08 When and How Could an Alternative Tax be Implemented?

  • New primary legislation to establish a wholly new system of local tax could not be delivered before the Local Government elections in 2017.
  • Structures already exist to administer alternative property taxes, but transition would still incur costs and take a number of years to implement – even more so if land was to be taxed separately.
  • Establishing a locally determined income tax would be a substantial administrative task, although a system of assigning income tax revenues to Local Government, potentially by local authority area, would be much less challenging.
  • Any change will lead to some individuals paying more and some paying less. A transitional framework to avoid sudden changes to their tax bills, and allow taxpayers to adjust to new liabilities, is desirable and the cost of such an arrangement should be assessed.

8.1 Whilst the previous chapter considered how taxes might be collected in the long term, our remit requires us to consider “the costs of transition” and “potential timetables for transition, with due regard to the 2017 Local Government elections” and means that we have to consider what would be necessary to get from the present arrangements to the alternative tax systems we identify.

Legislative Changes

8.2 To be legal and enforceable, a tax must be set out in law. The present Council Tax is defined in the Local Government Finance Act 1992. However, changes to the valuation of properties, the ratios that determine how much properties in each band are charged as a proportion of Band D and the Council Tax Reduction scheme can be made by secondary legislation. Any more substantial changes would require an Act of the Scottish Parliament. Speed of parliamentary passage and complexity are not however necessarily linked – the present Council Tax Reduction scheme is set out in secondary legislation but is considerably longer than the primary legislation setting out the Council Tax itself.

FIGURE 8.1: LAW MAKING IN SCOTLAND

Primary legislation is initially set out as draft law in a Bill. In most cases, the Scottish Government will conduct a 12-week public consultation on a proposed policy. Once the Bill has been introduced to Parliament, the lead Committee may issue a call for written evidence and take oral evidence from witnesses. Further stages provide for amendments to be proposed and the content debated, before Parliament votes on whether to pass the Bill. If passed, the Bill is submitted to Her Majesty The Queen for Royal Assent, after which it becomes an Act of the Scottish Parliament. Overall, the passage of a Bill through Parliament can take over 12 months, depending on its length and complexity. The Act will then come into force on a designated date some time thereafter.

Subordinate legislation (often called delegated or secondary legislation) is law most often made by Ministers under powers granted to them in primary legislation (for example to prescribe timing and implementation). In most cases the Scottish Government conducts a 12-week public consultation of its proposals for subordinate legislation. Parliamentary scrutiny of subordinate legislation involves fewer stages than for primary legislation and is usually conducted by Committees. This entire process can take as long as between 8-12 months, although is frequently less.

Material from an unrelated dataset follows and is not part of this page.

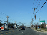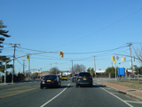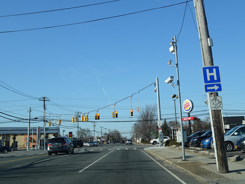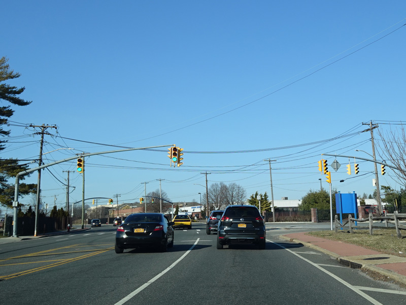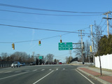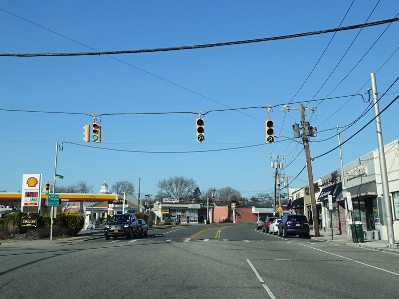 There is a traffic light at Old Country Road (CR 25). Turn right to go east or left to go west.

8.3 A switch to a fundamentally different local tax system would require primary legislation. There would need to be substantive consultation to inform the significant administrative effort in drafting a Bill which would be subject to full parliamentary scrutiny. Depending on the scale of the change and likely political challenge arising, this process might be expected to be achieved in perhaps two or three years, meaning that any alternative system introduced in this way could not be enacted before the Local Government elections in 2017.

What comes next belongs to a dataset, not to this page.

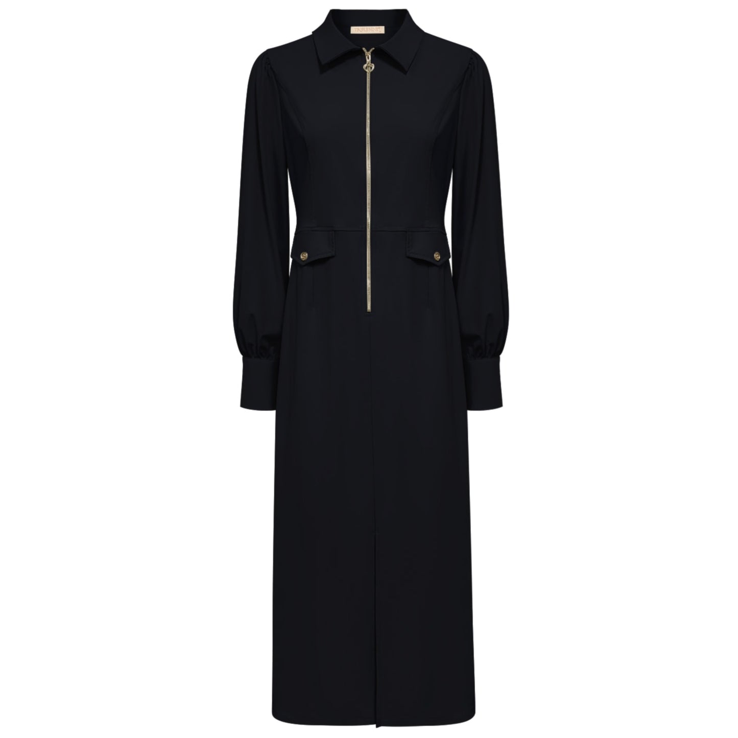 De jurk heeft tot halverwege de jurk een gouden rits en nepzakjes met gouden knoopjes en een korte split onder aan de jurk

8.4 This timetable may need to be extended further if the legislation for a new tax collection arrangement was dependent on the UK Parliament and Government. This would be the case for a locally determined income tax collected by HMRC, but also if the existing legal provisions for the sharing of data held by other government departments, such as HMRC or DWP, needed amendment.

8.5 Changing the basis of local taxation will have an impact on the derivation and collection of Scottish Water charges. Although not our primary concern, this secondary impact will need to be addressed.

Administrative Changes

8.6 As discussed in the previous chapter, local authority staff presently collecting Council Tax provide the obvious means to collect an alternative local property tax in the future. Transition to a new arrangement would place additional demands as IT systems and business processes would need to be revised whilst the existing Council Tax continued to be collected. This could be expected to carry additional costs and there will need to be a common understanding between Local Government and the Scottish Government of how these might be met. We have not sought to quantify these costs as they depend on whether an alternative property tax – and any relief system – could be implemented and administered by the adaptation of existing systems and using existing staff or whether new software, systems and staff structures are needed. This also impacts on the likely time needed to implement an alternative tax. A further consideration is whether sufficient certainty can be provided in advance of legislative change for resources to be committed before the parliamentary scrutiny is concluded and a new tax system passed into law.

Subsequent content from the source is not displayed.